[Data records]

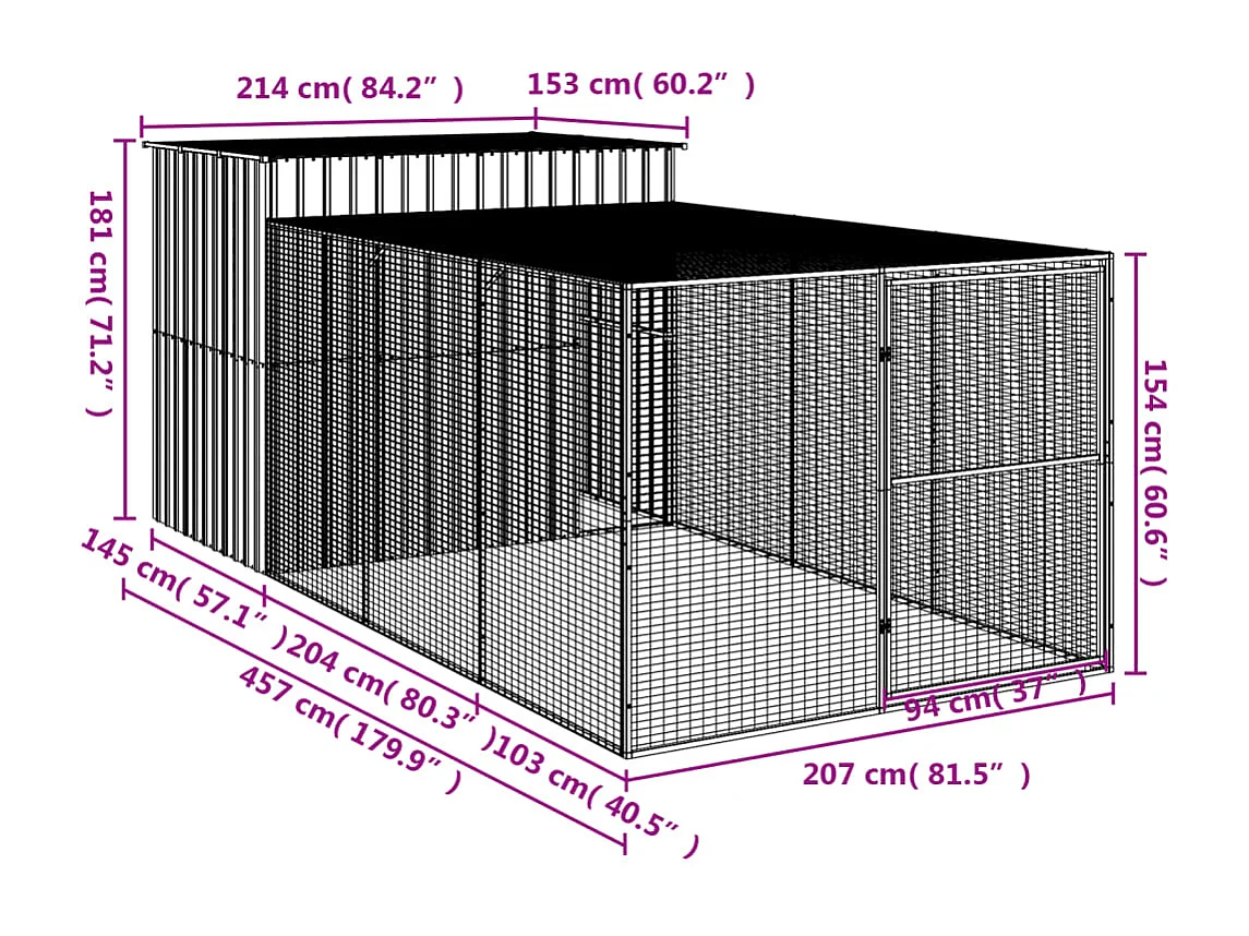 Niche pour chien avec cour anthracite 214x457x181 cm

[/Data records]
[Data records]

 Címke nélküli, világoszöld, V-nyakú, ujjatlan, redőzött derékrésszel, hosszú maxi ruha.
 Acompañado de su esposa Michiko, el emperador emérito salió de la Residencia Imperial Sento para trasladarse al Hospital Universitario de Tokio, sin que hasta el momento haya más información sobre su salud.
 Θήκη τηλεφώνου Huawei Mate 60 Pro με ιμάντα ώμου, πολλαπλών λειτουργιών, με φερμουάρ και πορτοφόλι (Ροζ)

[/Data records]

From the listing above, return the lines starting at the one with "Címke nélküli, világoszöld, V-nyakú, ujjatlan, redőzött" and ending at the one with "Θήκη τηλεφώνου Huawei", both kept, exactly as they appear and nothing more.

Exercise output:
 Címke nélküli, világoszöld, V-nyakú, ujjatlan, redőzött derékrésszel, hosszú maxi ruha.
 Acompañado de su esposa Michiko, el emperador emérito salió de la Residencia Imperial Sento para trasladarse al Hospital Universitario de Tokio, sin que hasta el momento haya más información sobre su salud.
 Θήκη τηλεφώνου Huawei Mate 60 Pro με ιμάντα ώμου, πολλαπλών λειτουργιών, με φερμουάρ και πορτοφόλι (Ροζ)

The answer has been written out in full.